I know it’s an exercise in futility to send out a bleg on dusty, disused blog such as this one, but I was hoping enough people might be following to make it worthwhile. As some of you reading may know, my father teaches a course where he surveys American popular music, going through recordings of the 20th century of the songs that most everyone in a given decade would have heard. (I suspect what he most enjoys about this is introducing students to the big names of the 30s and 40s and informing the class that, yes, at one time this was popular, but never mind that now.) I was discussing this with him the other day, and as he went over what he covers by time period, he got up to the late 80s and then said that at that point he puts it to the class to tell him about recent trends in popular music.
You may well be thinking exactly what I thought then: why would someone who is college age today know what was popular in, say, the early 1990s?

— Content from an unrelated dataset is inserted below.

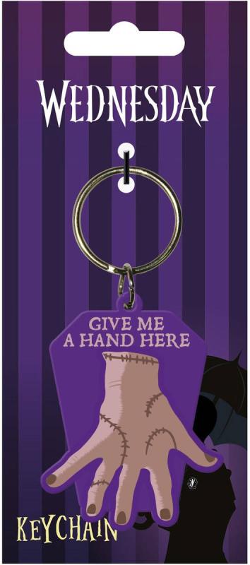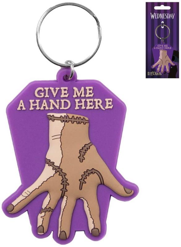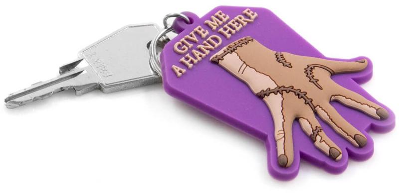 Klíčenka - přívěsek na klíče - z populárního seriálu Wednesday. Na klíčence je ruka Věc, která je věrný pomocník Addamsovy rodiny. Nad klíčenkou je anglický nápis "Give me a hand here". Klíčenka je oficiálně licencovaná.

They might have heard some of the popular songs of 15 years ago that still get radio play here and there, but there are plenty of groups, albums, and so forth that at one point you couldn’t avoid hearing but now are just a memory. As I pointed out to my father, this stuff is as much history to them as the music from the 70s and 80s was to people my age. You have to have lived it to know what was popular.
That’s why I had the idea of putting it out to the internets. What are the songs someone must hear to understand popular music from the late-1980s to the present? Single tracks that could be played in-class are great, but feel free to identify what movement this typifies and give other representative examples. Also, be as specific in terms of sub-genre as you want – for example, the course currently covers “the birth of rap” but I don’t think it covers later developments in the genre in any detail. Please pass this on to all your music-snob friends!